I'm all in favour of keeping the upload history, but recently I had to
do a major rework of the packaging in experimental while updating
unstable at the same time. So over several weeks, unstable got various
cherry-picks from experimental and at some point a big merge happened,
which made it more or less impossible to keep the changelog from
experimental as lots of changes would be documented twice and, even
worse, there would be a mix of version X and X+1 entries in the
changelog as the uploads were not linear.


-- 
 Bernd ZeimetzDebian GNU/Linux Developer
 http://bzed.dehttp://www.debian.org
 GPG Fingerprint: ECA1 E3F2 8E11 2432 D485  DD95 EB36 171A 6FF9 435F



Re: d/changelog and experimental

2019-12-08 Thread Simon Richter
Hi,

On 08.12.19 22:29, Guillem Jover wrote:

> I think there are two important properties that need to be preserved
> so that debian/changelog entries keep making sense both for humans
> and machines alike. The first is that the parseable format entries
> should be sorted by version, otherwise things that parse the file
> might get confused when doing range checks or filtering things.

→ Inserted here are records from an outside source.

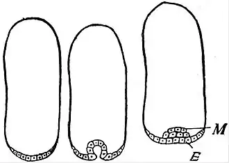 Fig. 15.—Diagram showing Formation of Germinal Layers. E, ectoderm; M, inner layer. Magnified. |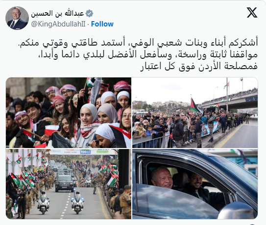 وقال جلالته في المنشور “أشكركم أبناء وبنات شعبي الوفي، أستمد طاقتي وقوتي منكم، مواقفنا ثابتة وراسخة، وسأفعل الأفضل لبلدي دائما وأبدا، فمصلحة الأردن فوق كل اعتبار”.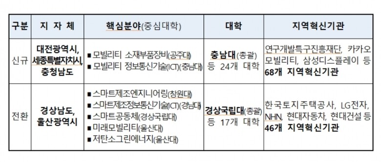 특히 대전은 대덕연구개발특구 등 기술개발·연구 기반, 충남은 제조업 역량, 세종은 자율주행실증특구 등 실증기술·환경을 보유하고 있어 복수형 연합을 통해 해당 지역에 부족한 핵심인재 양성에 크게 기여할 것으로 기대되고 있다.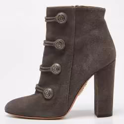 Aquazzura Grey Suede Detail Ankle Boots Size 37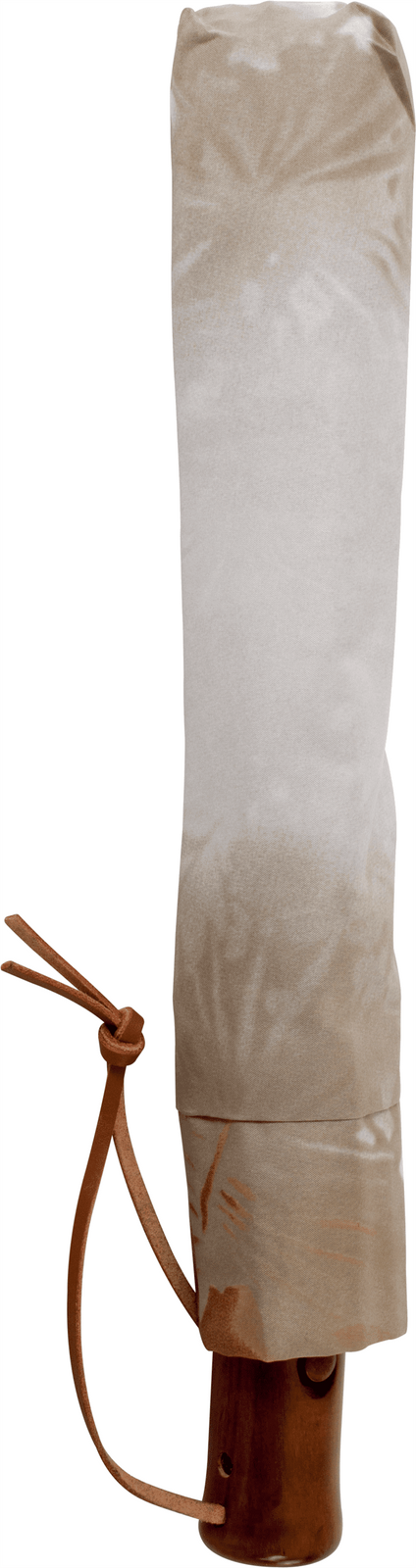 • Klasyczny parasol otwierany automatycznie, z drewnianą prostą rączką i wzorzystym pokryciem wykonanym z poliestru.

The
> second is to preserve the timeline of the changes, so that when a
> human (or even a parser that extracts semantic meaning like with bug
> closures) reads them they should still makes sense.

For backports, we already have cases where entries aren't sorted,
because the changelog still lists the version from sid, and the entry
for the backports version is then prepended with a lower version number.

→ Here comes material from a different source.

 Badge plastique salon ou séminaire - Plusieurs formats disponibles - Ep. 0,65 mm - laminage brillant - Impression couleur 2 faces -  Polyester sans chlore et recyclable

Bugs are closed based on the changes file, which is generated from the
topmost entry, always.

The rest of the changelog only exists to preserve history. When you make
an upload to experimental closing a bug, and you later upload the
package to unstable, you have to close the bugs again in the changelog
entry for unstable. At this point, it makes sense to condense the
changelog to things that have actually changed.

The target audience of the Debian changelog is a skilled system
administrator who wants to know what changes in behavior to expect from
the new version, especially deviations from what is described in
upstream documentation (because Debian applied a patch).

The format is too terse to serve as a full history of the package
itself, it can only provide pointers to more documentation, ideally
inside the BTS so it is archived within Debian and crosslinked.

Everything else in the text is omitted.